It is well known that the dissociation constant corresponding to Kw = [H+][OH] has a value Kw = 10−14 under normal ambient conditions. As temperature increases, KW also increases and can reach values typically 100–1,000 times higher than that associated with water under standard temperature and pressure (Peterson et al. 2008). These augmented values of Kw correspond to increased concentrations of H+ and OH—effectively the solution is simultaneously more acidic and more basic, or more logically—the dissociated species exist simultaneously in equilibrium. This presents the possibility of initiating acid and base type cracking reactions simultaneously.

Using subcritical water to mobilise heavy oils requires a balance to be found between (1) dissolving the heavy oil component within this novel medium (determined by dielectric constant ε) and (2) cracking it simultaneously by using the enhanced [H+] and [OH], which are present. Although the highest temperature gives the best values of ε for ensuring high oil solubility in water, the best values for acid/base cracking would be somewhat below these temperatures at around 290 °C. At 290 °C, the dielectric constant of water already matches that of acetone. This is sufficiently low to dissolve a substantial component of the heavy oil (HO) while at the same time high enough to stop dissolved salts precipitating out (Kumar and Gupta 2009). If there is simultaneously removal of hydrocarbon components heavy oil (HO) via a cracking mechanism to a light oil (LO) then we can consider the reaction to be

$$ {\text{HO}}_{{\left( {\text{l}} \right)}} \Leftrightarrow {\text{HO}}_{{({\text{aq}})}} \mathop{\longrightarrow}\limits^{{[ {{\text{H}}^{ + } }] + [{\text{OH}}^{-}]}} {\text{LO}}_{{({\text{aq}})}} \Leftrightarrow {\text{LO}}_{{({\text{l}})}} $$
(2)

The subscripts refer, respectively, to the hydrocarbon components present as pure water-insoluble liquid as found at ambient conditions (l), or dissolved in water under subcritical conditions (aq). [H+] and [OH] are the concentrations of hydrogen and hydroxide ions arising from dissociation of water as in Eq. 1. In general, heavy organics (containing polyaromatics) will be more soluble than light cracked components.
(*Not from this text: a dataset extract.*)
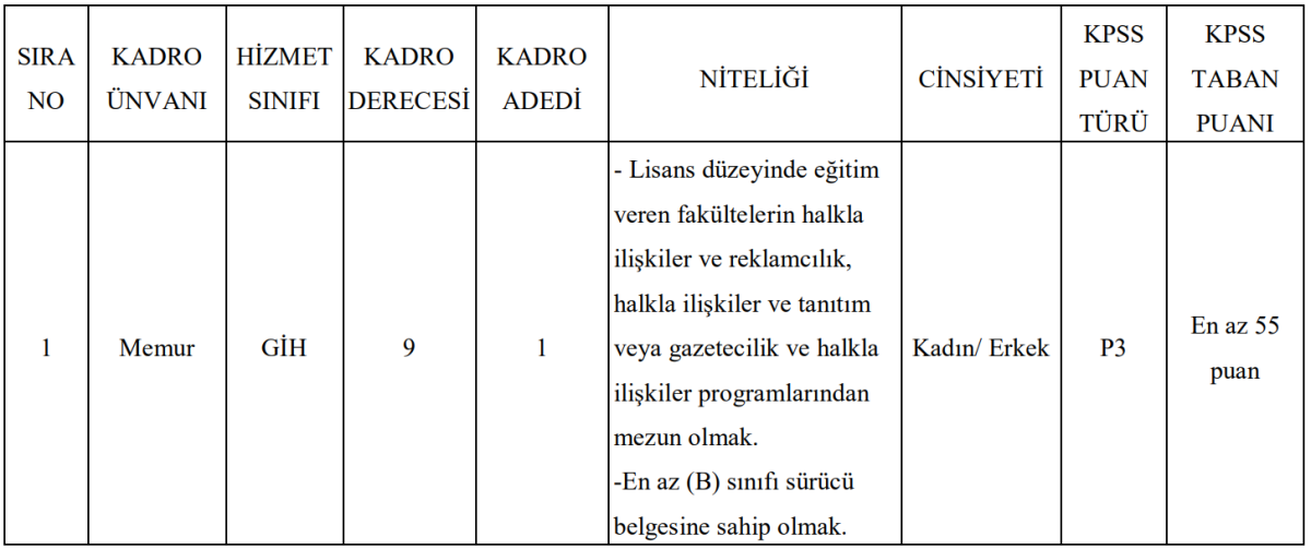 Kadın ve erkek adayların başvuru yapabildiği kadro için KPSS P3 puan türünden en az 55 puan alınmış olması gerekiyor.

Thus, the light components will form separate phases from water more easily. As the more soluble heavy oils are cracked, then more heavy oil dissolves. Thus, it is not necessary to operate at p, T levels where the dielectric constants are at the low level of pentane solubility. Operation at a substantially subcritical “acetone” level is sufficient. This is important for maximising water dissociation.

It could be that many of the “mobilisation” effects with steam injection observed to date have made unwitting use of these effects but in a non-optimal fashion. For example, Imperial Oil reports a steam injection scenario, whereby after initial back production of mainly water, the bitumen production is characterised by relatively constant water oil ratio (Batycky et al. 1997). They reported injection at 100 bar corresponding to around 310 °C. Thus, subcritical dissolution may explain the creation of “bound” water, which becomes emulsion during production. At any rate, the aim here is to explore (1) how near-critical enhanced miscibility increases the cracking potential for heavy hydrocarbons (2) can acid and base catalysis from the greater availability of H+ and OH at near critical conditions affect the process?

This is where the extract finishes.